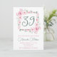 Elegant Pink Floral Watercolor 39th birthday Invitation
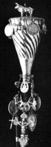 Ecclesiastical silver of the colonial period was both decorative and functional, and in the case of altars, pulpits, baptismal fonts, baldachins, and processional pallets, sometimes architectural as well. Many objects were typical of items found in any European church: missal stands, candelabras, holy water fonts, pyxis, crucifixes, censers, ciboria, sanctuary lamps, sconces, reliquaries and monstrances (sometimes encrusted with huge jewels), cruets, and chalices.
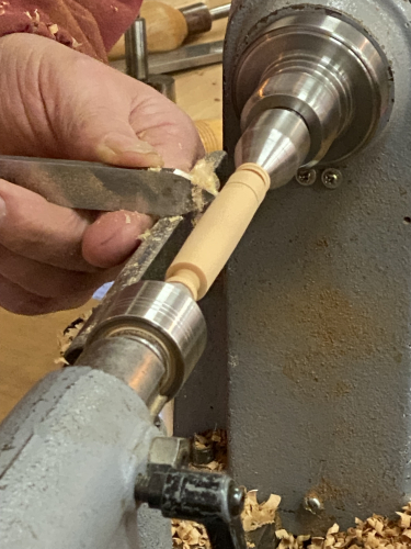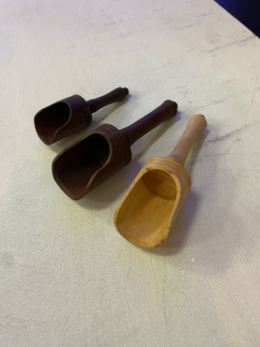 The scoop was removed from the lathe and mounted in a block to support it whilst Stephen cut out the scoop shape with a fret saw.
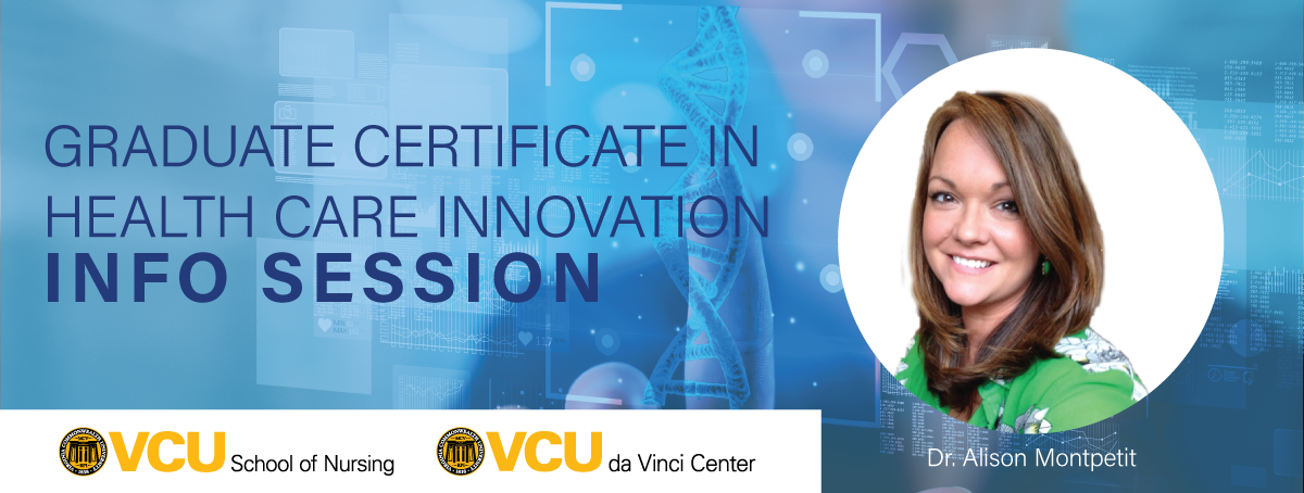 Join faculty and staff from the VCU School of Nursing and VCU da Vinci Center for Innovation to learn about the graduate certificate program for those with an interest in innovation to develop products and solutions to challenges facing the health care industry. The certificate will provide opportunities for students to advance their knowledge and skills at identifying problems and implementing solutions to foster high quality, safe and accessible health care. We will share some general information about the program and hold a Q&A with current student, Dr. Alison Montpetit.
:::::
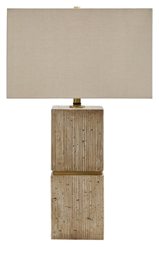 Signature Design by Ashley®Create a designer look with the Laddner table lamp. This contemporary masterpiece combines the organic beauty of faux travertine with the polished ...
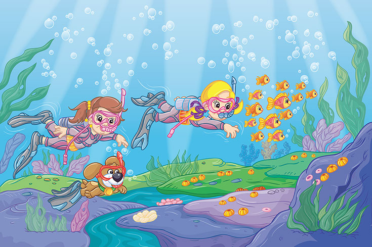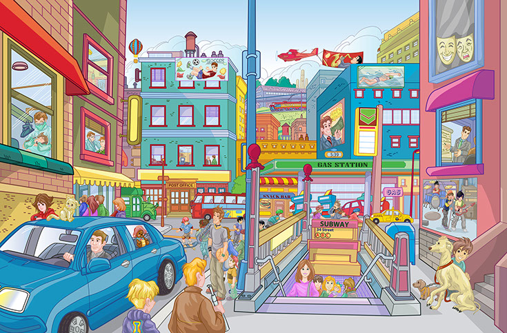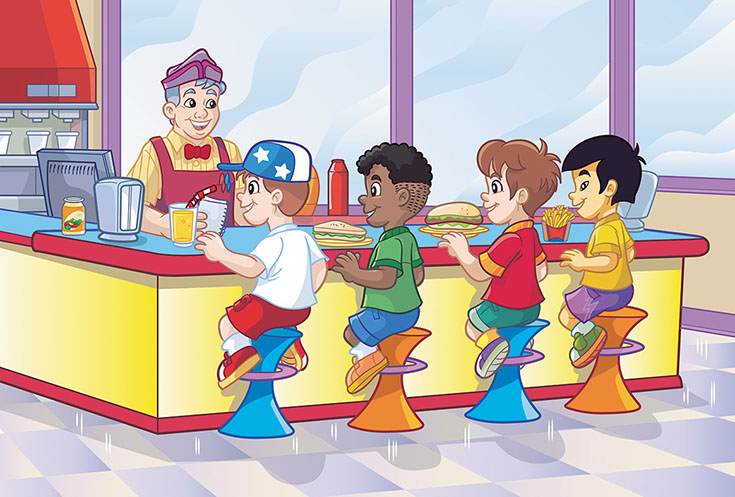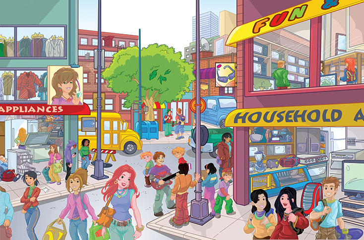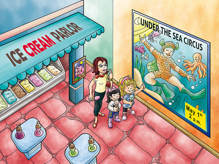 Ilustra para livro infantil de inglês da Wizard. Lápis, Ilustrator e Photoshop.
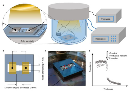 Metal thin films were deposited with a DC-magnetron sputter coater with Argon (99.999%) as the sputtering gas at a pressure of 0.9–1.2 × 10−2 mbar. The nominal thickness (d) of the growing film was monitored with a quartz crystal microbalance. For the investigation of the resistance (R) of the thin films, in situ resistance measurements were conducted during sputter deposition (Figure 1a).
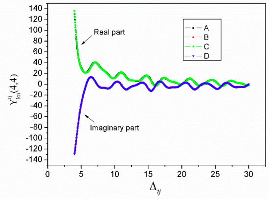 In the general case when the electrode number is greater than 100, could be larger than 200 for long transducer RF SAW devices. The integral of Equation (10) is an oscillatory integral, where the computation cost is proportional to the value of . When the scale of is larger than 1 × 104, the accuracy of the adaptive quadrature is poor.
:::::
[Instructions to follow]: From the records above, copy exactly the lines starting at the one with "Signature Design by" and ending at the one with "Ilustra para livro", and no others. Pictures stay out.

[Task response]:
 Signature Design by Ashley®Create a designer look with the Laddner table lamp. This contemporary masterpiece combines the organic beauty of faux travertine with the polished ...
 Ilustra para livro infantil de inglês da Wizard. Lápis, Ilustrator e Photoshop.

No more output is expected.